• THE TASK
The answer should hold only the lines from the one containing "Jeans 724 High" through the one containing "商品零售呈现弱修复状态,服务" in the entries below, copied exactly, without pictures.

• DATA EXTRACT
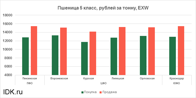 За прошедшую неделю с 21.03.2022 по 25.03.2022 средняя цена на пшеницу 5-го класса, согласно выставленным заявкам трейдеров, выросла по всем округам на 320 рублей. Средняя цена составляет 14103 рубля за тонну.
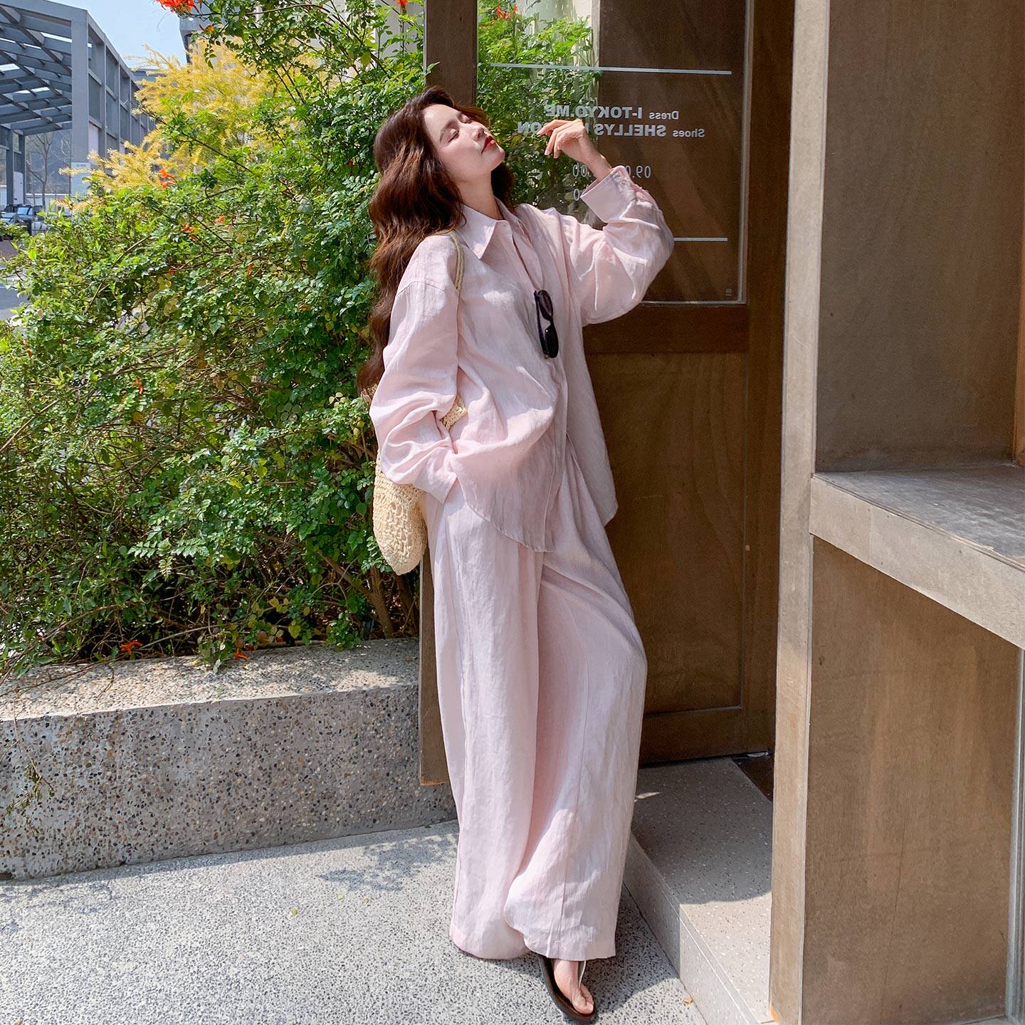 粉色休闲时尚套装女夏2026新款今年流行轻薄长袖衬衫阔腿裤两件套
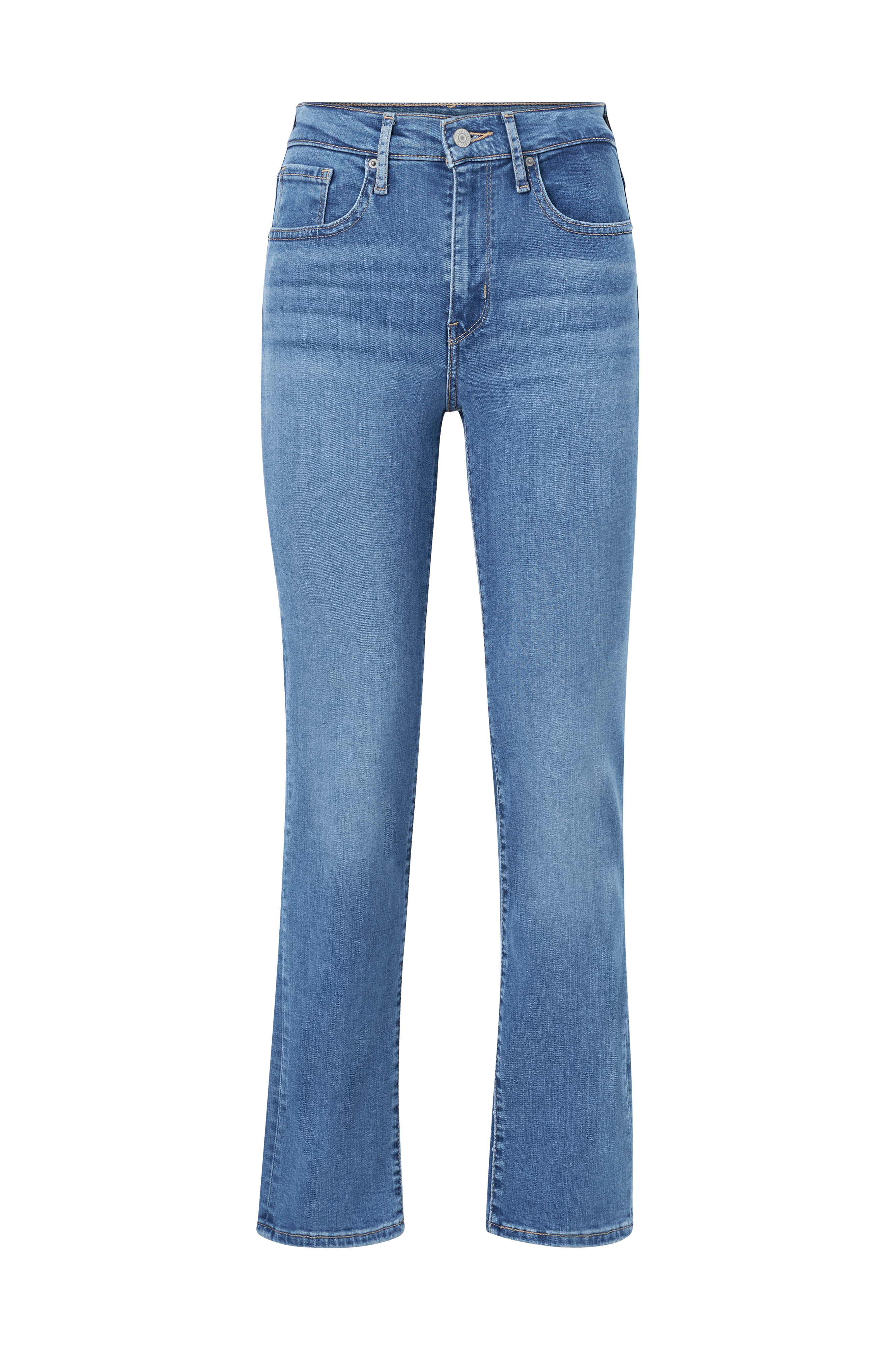 Jeans 724 High Rise Straight fra Levi's. Flot, smal model med høj talje og smalle men lige ben. Linning med stropper og lynlås i gylpen samt tre lommer foran og to lommer bagpå.
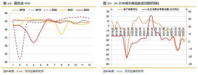 商品零售呈现弱修复状态,服务业修复放缓。服务业PMI回落幅度超季节性,预期亦有下滑。疫情和高温天气是最主要扰动,其中地产、居民服务、租赁及商务服务等行业指数仍处于收缩区间;业务活动预期指数为57.6%,低于上月1.2个百分点。
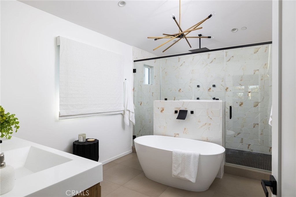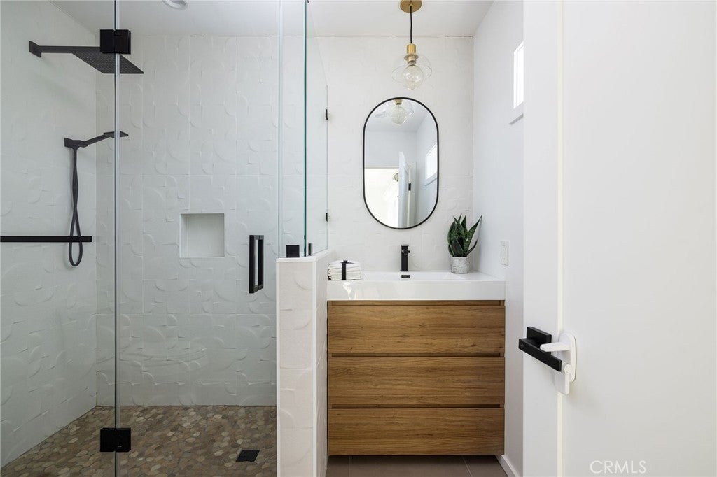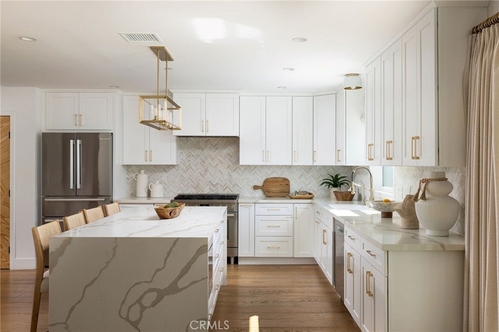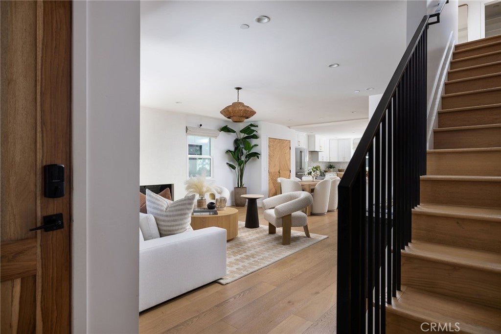 Set within Seal Beach’s coveted “Hill” neighborhood, this reimagined coastal retreat pairs effortless sophistication with thoughtful modern design. Every space reflects harmony and light—crafted for connection, comfort, and California living at its best. Spanning approximately 2,874 square feet, the home showcases wide-plank oak floors that flow through open living and dining areas framed by soft textures and natural tones. Warmth emanates from a sculptural fireplace in the living room, complemented by custom millwork and designer lighting that create an atmosphere of understated luxury. Centered around a dramatic waterfall island wrapped in veined quartz, the kitchen blends beauty and function with minimalist cabinetry, chevron-patterned backsplash, brass accents, and integrated high-end appliances. Upstairs, the primary suite evokes boutique-hotel serenity with a sleek fireplace, custom built-ins, and a spa-inspired bath featuring a freestanding soaking tub, dual vanities, and a dual-entry shower with multiple sprays. Two main-level bedrooms offer flexibility for guests or a home office. Lush landscaping frames a private backyard designed for alfresco dining and relaxation in the coastal air. Additional highlights include a dedicated laundry room, and an attached two-car garage. Modern elegance, effortless livability, and a premier Seal Beach location combine to define the art of refined coastal living.
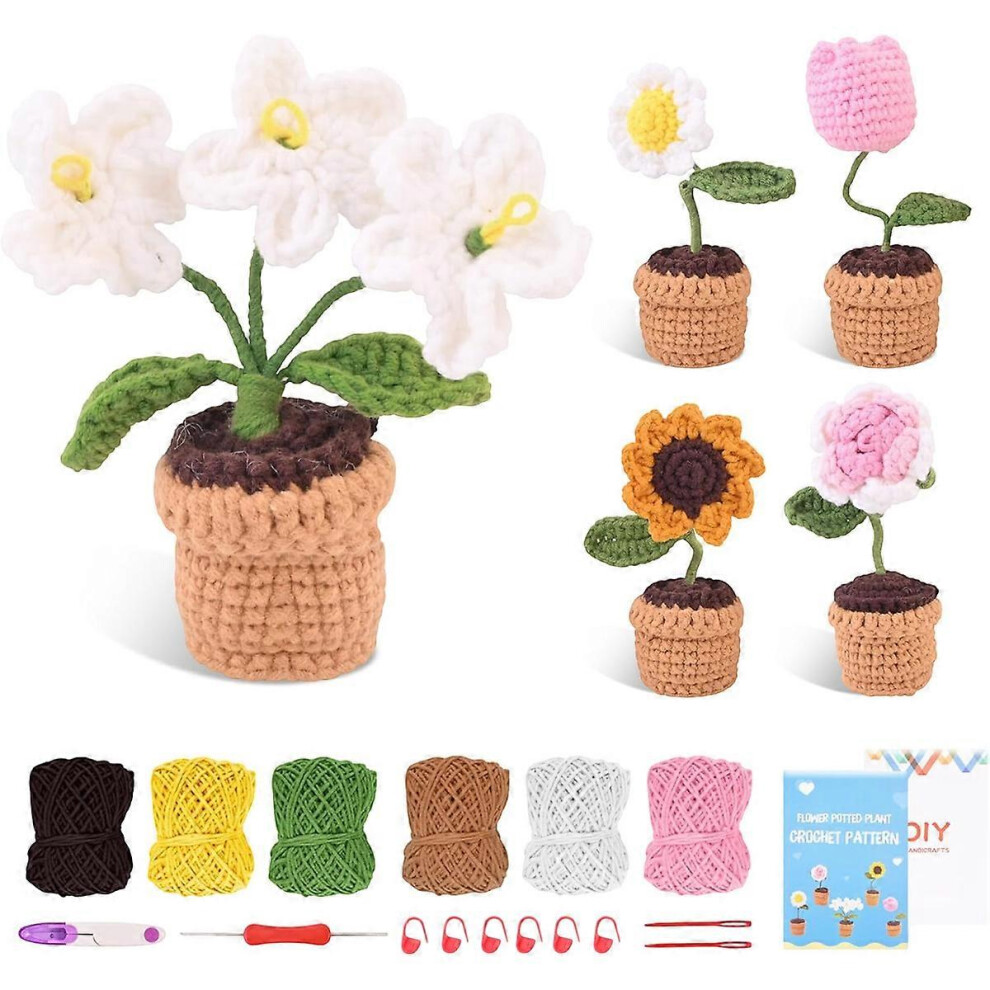 Karsspor Crochet Kit for Beginners, 4 PCS Succulents Crochet Kit with Step-by-Step Instructions and Video Tutorials, Beginner Crochet Kit, Complete Crochet Starter Kit(Patent Product)
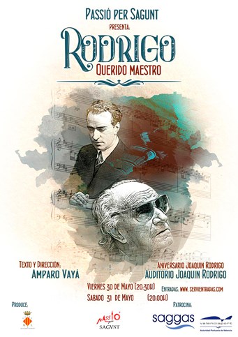 El auditorio Joaquín Rodrigo acogerá la obra de teatro sobre la vida del compositor universal de origen saguntino el viernes 30 de mayo a las 20:30 horas, así como el sábado 31 a las 20 horas. El acceso será gratuito hasta completar el aforo de la sala, pero las personas interesadas en disfrutar de la obra deben reservar su asiento en servientradas.com.
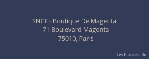 Voici les horaires de SNCF - Boutique De Magenta situé à Paris 10ème,
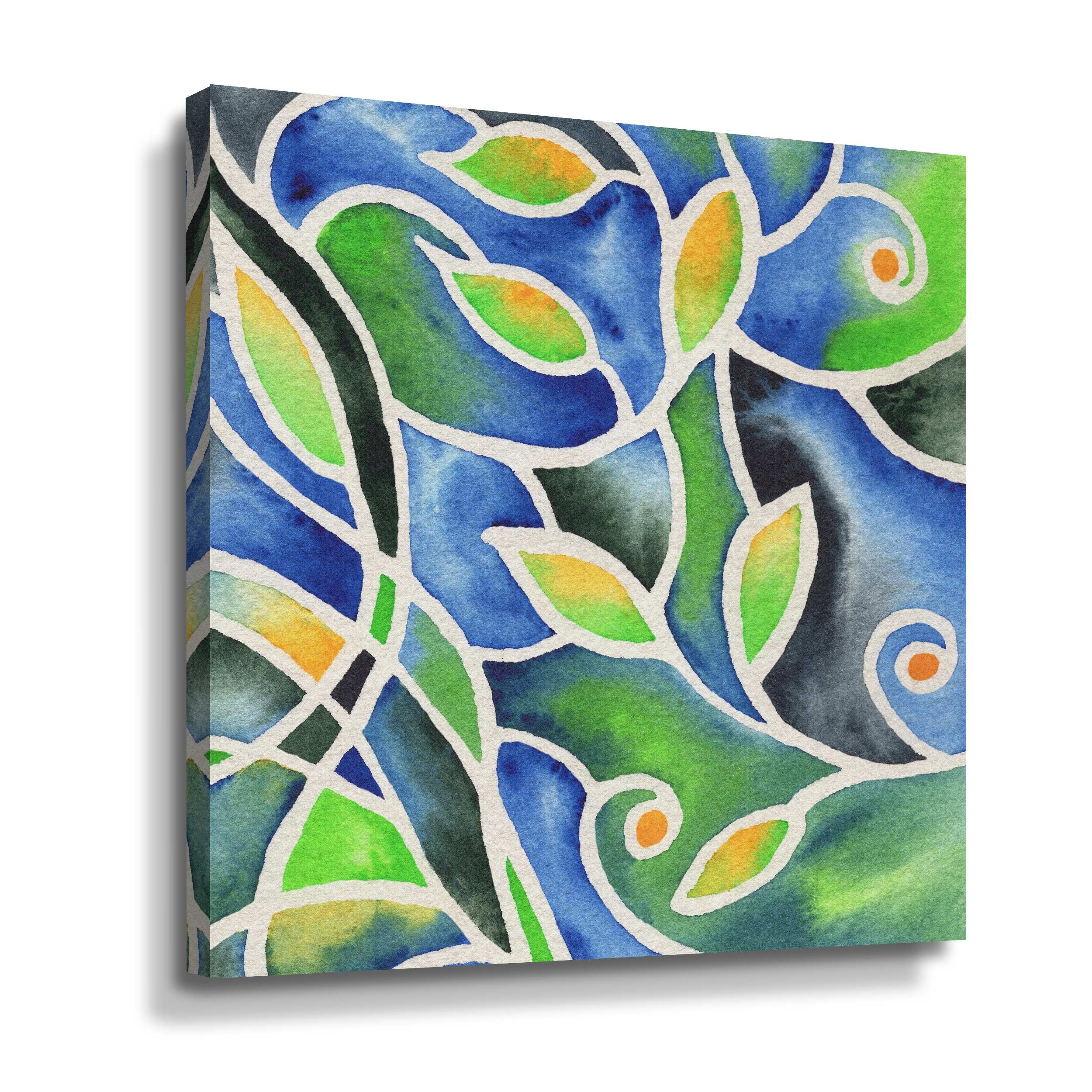 Whimsical Organic Leaves Batik Style Watercolor Pattern by Irina Sztukowski Gallery Wrapped Canvas
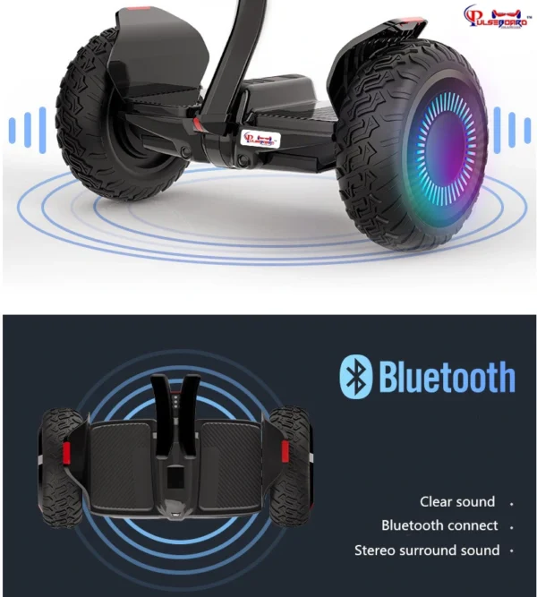 Our Hybrid Duo models come with front and rear LEDs, Top Wheel Arch LEDs, A waterproof charging port, and an On/Off Switch along with rugged 11-inch tires. It also has an in-built Bluetooth speaker as well.
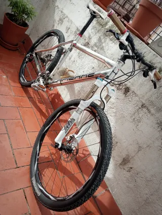 Bicicleta de montaña Scott Scale 50 bastante buena BTT Especificaciones de la bici: Cuadro ligero de aluminio resistente y ligero peso aprox 11kg-12kg Talla de la bici 26x2.1 Alturas 1.60 normalmente hasta 1.80m La Bici, está bastante bien alguno que otro signo de uso jamás ha tocado el suelo en caída, solo raspadas Frenos disco Shimano SLX Extra:Disco delantero 203mm Trasero:160mm Suspensiones RockShox bloqueable Cualquier duda↗️ Cadena sucia necesita limpieza Hace algún ruido de vez en cuando no afecta O Cambio por alguna doble suspensión Specialized,Ghost,Trek,Massi,lapierre,Yt O DH No negiacble No leer:MTB,Specialized, moun
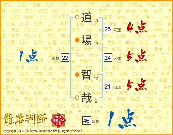 道場智哉さんの天運は25画の4点!
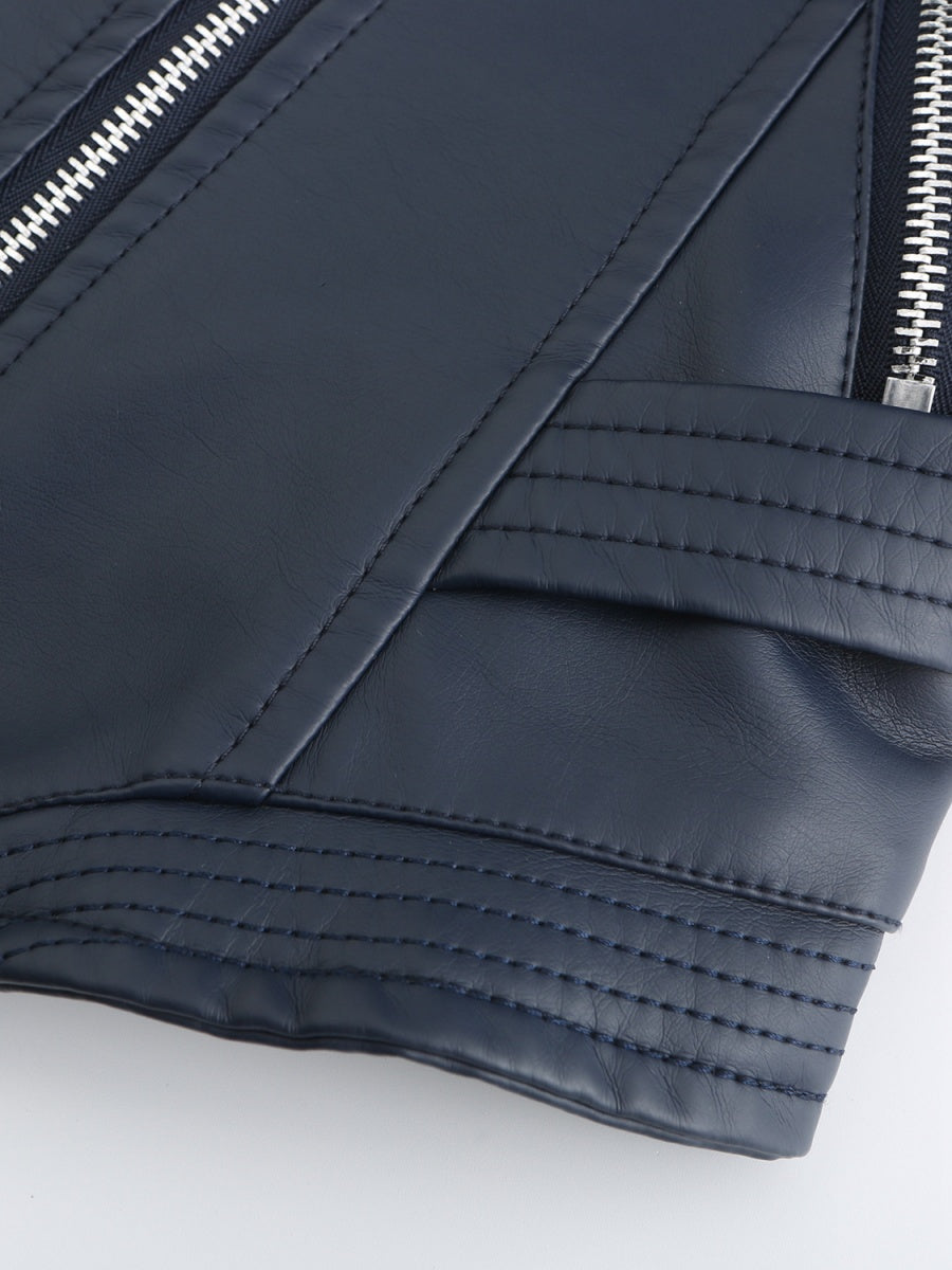 PU Leather Lapel Slim Fit Long Sleeve Short Jacket

• RESPONSE BOX
 Jeans 724 High Rise Straight fra Levi's. Flot, smal model med høj talje og smalle men lige ben. Linning med stropper og lynlås i gylpen samt tre lommer foran og to lommer bagpå.
 商品零售呈现弱修复状态,服务业修复放缓。服务业PMI回落幅度超季节性,预期亦有下滑。疫情和高温天气是最主要扰动,其中地产、居民服务、租赁及商务服务等行业指数仍处于收缩区间;业务活动预期指数为57.6%,低于上月1.2个百分点。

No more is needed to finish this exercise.